9-Month Variable Annuity Sales Off 20% From Last Year
For the variable annuity industry, with its paths so closely tied to the state of equities markets, the news of the 19-month bear market remains a familiar story. Market weakness–firmly entrenched before the week of Sept. 10–continued to a historic record decline following the markets reopening after the Sept. 11 terrorist attacks. The week of Sept. 17 was the Dow’s worst since 1933off 14.3% on a record 10.5 billion shares.
For the year-to-date period ending Sept. 28, the Dow was down 18%; the NASDAQ was down 39.3%; and the S&P 500 was down 21.2%. The IBD Mutual Fund Index was down 32%.
Third quarter year-to-date VA industry total premium flow of $84.8 billion, a figure 20.5% below sales this time a year ago, continues to reflect the entrenchment of todays investor-consumer. New sales (total sales less internal exchanges) fared slightly better on a comparative percentage basis, $79.8 billion versus $99.1 billion, down 19.5%. Third quarter year-to-date sales are 61.7% of last years total premium flow of $137.4 billion.
Beginning with this quarterly article, both issuer and contract listings have been ranked by “new sales.” Readers are reminded that “new sales” mean new money coming into a contract/issuer that can include external 1035 exchanges, but not internal VA to VA exchanges.

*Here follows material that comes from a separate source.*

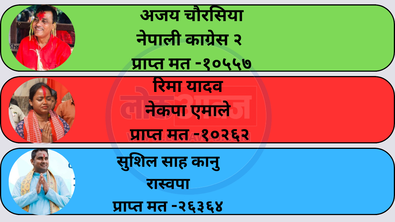 त्यसैगरी पर्सा क्षेत्र नम्बर २ मा रास्वपाका सुशील साह कानुले २६ हजार ३६४ मतसहित आफ्नो अग्रता कायम राखेका छन्। उनका निकटतम प्रतिस्पर्धी नेपाली कांग्रेसका अजय चौरसियाले १० हजार ५५७ मत प्राप्त गरेका छन् भने नेकपा एमालेकी रिमा यादवले १० हजार २६५ मत ल्याउँदै तेस्रो स्थानमा रहेकी छन्।

Year-to-date third quarter internal exchanges were 5.9%, down from year-end 2000s rate of 6.7%.
Year-to-date total VA assets of $813.2 billion are down 15% from year-end 2000s total net assets of $956.5 billion. October gave investors their first positive month of market returns since last springs rally. For the DJIA, the third quarter year-to-date loss was trimmed by 2.1%. The NASDAQ and S&P 500 trimmed their third quarter year-to-date losses by 7.7% and 1.5%, respectively. The NASDAQs return in October, in the face of the Sept. 11 tragedy and worsening economic news, was impressive and reflects the pent-up buying potential waiting to be unleashed.
]As a leading indicator, historically the stock market begins to recover six to nine months ahead of the economy. Conversely, unemployment numbers and consumer confidence surveys are lagging indicators, as negative sentiment and layoffs come after the economy has already worsened.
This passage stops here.